Seems like this alternative implementation could actually be performance degradation, Would like to see both variants tested on the same machine with the same benchmark to know for sure.

With Zig tokenizer in C at d1172acadf reading Zig 0.14.0 src/Sema.zig (1.65 mb) with -march=icelake-client, GCC 15 fdd95e1cf29137a19baed25f8c817d320dfe63e3 reads at 21.1ms (78.19 mb/s) while Clang 19.1.7 reads at 7.47 ms (220.883534137 mb/s).

This is not a bug in the grammar.

That is a bug in your implementation. It is unable to lex Zig source code, which is your goal.

This is a downstream problem, not an upstream problem.

1 Like

True, but it would be reasonable to argue that imposing an additional grammar limitation such as this would be valuable, since it unlocks implementations like this.

Of course, it’s also reasonable to argue that it’s not worth a worse syntax for slightly more lexing perf.

8 Likes

Elpisis is also a thing (0...), so we would need another one byte char for that too? It is used in ranged switch prongs:

Ah, never mind you already proposed changing that to :.

If you have the patience for some slower speed content (about fast code), check out this series of talks from Utah Zig about using SIMD and data level parallelism to make zig parsing faster:

3 Likes

Note that “implementations like this” being faster is still theoretical.

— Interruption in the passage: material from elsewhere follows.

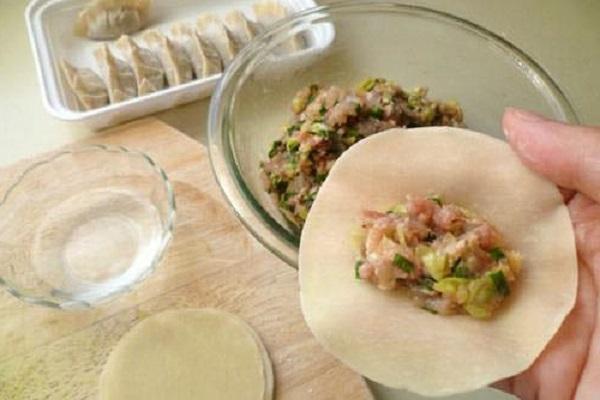 Bước 4: Tắt bếp, lấy từng chút nhân đặt vào giữa vỏ bánh sủi cảo để tiến hành làm bánh. Dùng tay nặn và gấp bánh lại cho kín và không bị vỡ. Thực hiện cho đến khi hết nhân.

The benchmark in the OP seems to be comparing their lexer-only implementation to zig fmt from my reading.

3 Likes

Wow what a plot twist. I am really confused by these results. That makes my current implementation a diappointment. Or perhaps your computer is 10x faster than mine, that would make me happy /j :grin:

I suppose that it could be related to the fact that ~80% of source code (sampled on Sema.zig) is either identifiers, whitespace or comments, something I ignored while writing the lexer. This could mean that the branches are actually very predictable and not a problem at all.

Maybe a lexer that accelerates skipping over these using SIMD would finally be a speed improvement…

I have to say that the results so far are very discouraging so I was lacking the motivation to invest more time into this.